Case Study: Accelerating Evidence Redaction
“Trustpoint.One not only beat our law firm’s vendor’s cost by 30 percent, but also turned the redaction project around in just two days,” said the federal facility’s corporate counsel. “This is exactly what you want from your preferred vendor”
How Trustpoint.One helped a large federal facility met their critical adjudication hearing deadline
The rising use of surveillance technology at US federal facilities has been placed at the center of many court proceedings, with video gathered by these operations serving as critical evidence at adjudication hearings. However, to prepare such evidence for submission to the court, these facilities must redact personally identifiable information (PII), such as video images of individuals uninvolved in the case.
PII redaction can be challenging, with manual reviewing and editing processes incurring major expenditures of time, money and manpower. Moreover, these federal facilities are frequently under extremely tight time constraints, as they strive to meet demanding court deadlines to deliver redacted evidence. For facilities dealing with rising populations, swelling caseloads and mounting quantities of video evidence, traditional approaches to video redaction are simply too slow and expensive to meet today’s demands.
To meet this challenge, Trustpoint.One has partnered with Veritone. Leveraging Veritone’s AI- enabled Redact software, Trustpoint is offering video evidence redaction services that dramatically slash the cost, effort and time required to edit PII. The powerful solution is already being leveraged by a large federal detention center, allowing the facility to meet its obligations to quickly and economically deliver video evidence while still protecting PII. This development has major ramifications for the other 100-plus federal centers located across the nation, providing a path toward system-wide compliance with video evidence laws.
The Challenge
Legal authorities at the federal facility were required to submit to a court three video evidence files, each three to six minutes in length. The facility was given just one week to provide the videos. Because these videos were captured at the facility using surveillance and body-worn cameras, the footage included images of hundreds of individuals not involved in the case, such as detainees and federal officers. This required extensive video editing to redact PII appearing in each frame of the video.
Lacking the internal resources and technological capabilities required to complete this task, the facility’s legal team became concerned that they wouldn’t be able to meet the court’s deadline. The team contacted its third-party legal counsel to see if the firm could redact the video quickly. However, the firm quoted a price of $72,000 and said it would take more than a week for its vendor to manually review and edit the videos—far too expensive and slow to meet the team’s deadline and budget constraints.
Instead, the facility’s legal team turned to Trustpoint.One. The Trustpoint eDiscovery team, met the criteria to complete the task while meeting the project’s tight timeline and limited budget and the facility chose the solution rather than working with its outside counsel.
The Solution
Having won the confidence of the federal facility’s legal team, Trustpoint was able to complete the redaction process at a blistering pace.
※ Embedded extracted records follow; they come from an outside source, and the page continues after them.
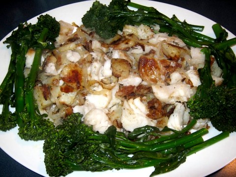 We had my sister over the other night for dinner and it was great. I always thought the fresh cod tasted like lobster with the melted butter on it. Ingredients 3 lbs cod fillets 6 med red potatoes 2 med yellow onion Non-stick spray Salt Pepper 1/2 stick Melted butter Directions Boil or microwave potatoes until done, let cool, peel and slice peel onion, cut in haves and slice In a 5 quart sauce pan boil water and add 1/2 tsp of salt Heat lg 12in skillet and coat with non-stick spray(med heat) Place potatoes in pan and cook till golden brown Add onions when potatoes are 3/4 way done Cook till onions are soft and slightly brown Place fish in boiling salted water and cook till fish flakes, 10 minutes or so Drain fish in strainer and place on top of potato and onions Drizzle fish with melted butter, salt and pepper and serve. Enjoy!! Leif
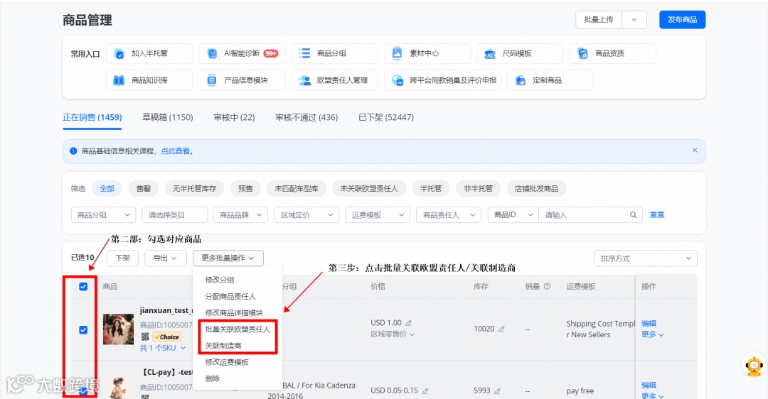 全托管商家:商品管理-商品列表-批量关联欧盟责任人
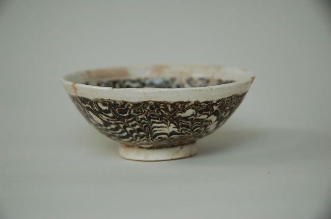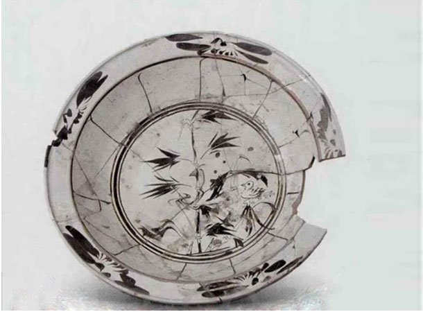 在當(dāng)陽(yáng)峪所收集的瓷片和器物之中,鐵繪的裝飾技法很多。它的工藝技法是在坯體上過(guò)白化狀土后,在泥坯干燥之前用黑色繪料(一種含三氧化鐵的礦物質(zhì)繪料)快速將紋樣繪成。所以,畫工必須具備熟練的技巧,以較快的速度一氣呵成。
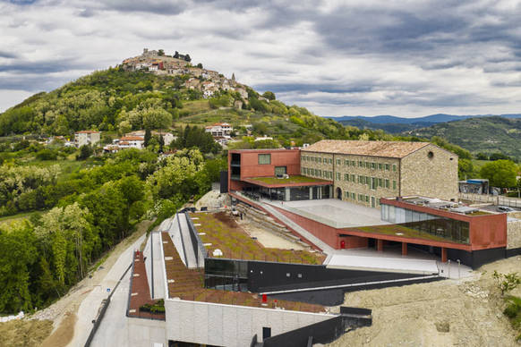 Das vom kroatischen Architekten Idis Turato geplante Ensemble steht zu Füßen eines steilen Hügels. Auf diesem schmiegen sich die Häuschen des gerade einmal 500 Einwohner zählenden Städtchens in den Hang. Eine Lage mit Panorama, touristischer Relevanz und bislang kaum genutzten Potentialen. Umgeben von Weingärten, mit Blick auf die Trüffelwälder von Livade und inmitten der kulinarisch aufstrebenden istrische Halbinsel soll die moderne Architektur in dem ländlichen Gebiet auch einen Raum der Begegnung schaffen.

Using Veritone Redact, Trustpoint was able to completely redact hundreds of shots of detainees and federal officials from the videos in less than three hours.
Trustpoint initiated the redaction project by exporting the three evidence videos from Relativity, the e-Discovery platform used by the federal center. The company then ingested the three evidence videos into Veritone’s cloud-based Redact Application. Through the assistance of AI, the application automatically identified individuals’ heads within the video evidence, drawing a highlighted box around each head along with a timestamp denoting each time that head was identified in the clip.
After identifying hundreds of heads in each of the evidence videos, Trustpoint confirmed each automated selection and determined which should be redacted— all with just a few mouse clicks. During this review process, Trustpoint further automated its workflow by capitalizing on a Veritone Redact capability that tracks user-defined objects such as notebooks, computer screens and more throughout the video evidence, expediting a once-manual process.
Employing its expertise in redaction, Trustpoint conducted a final quality-assurance review to ensure any additional heads and objects were identified and edited from the videos as required. A process that took less than three hours to complete.
Veritone’s AI-driven Redact application can also automatically provide an audio transcript of a media file, allowing reviewers to easily find and redact PII audio by using a keyword search tool.
When the process was completed, Trustpoint was able to upload the first-round draft of the three redacted videos back into the federal center’s Relativity platform. The three videos required the redaction of a total of 956 heads. Despite the large number of redactions, Trustpoint was able to deliver the completed videos just over one business day after the detention center’s initial request, at a dramatically lower cost than would be charged by the facility’s legal partner’s vendor.
The legal team was extremely impressed with the turnaround time and the thoroughness of redacted PII evidence video. Not only did Trustpoint.One save the facility thousands of dollars in third-party legal consulting costs, they were also able to turn the redacted videos around in less than two business days.
The federal center’s legal team cited several factors driving their selection of Trustpoint.One to serve their redaction needs, including:
- One’s status as a trusted partner that’s able to think outside of the box in order to meet client needs.
- Veritone Redact’s automatic head-detection feature and ability to track user-defined objects moving forward in an evidence video.
- Ability to comprehensively report all actions taken by a user when redacting video or audio evidence, supporting compliance with chain-of-custody requirements.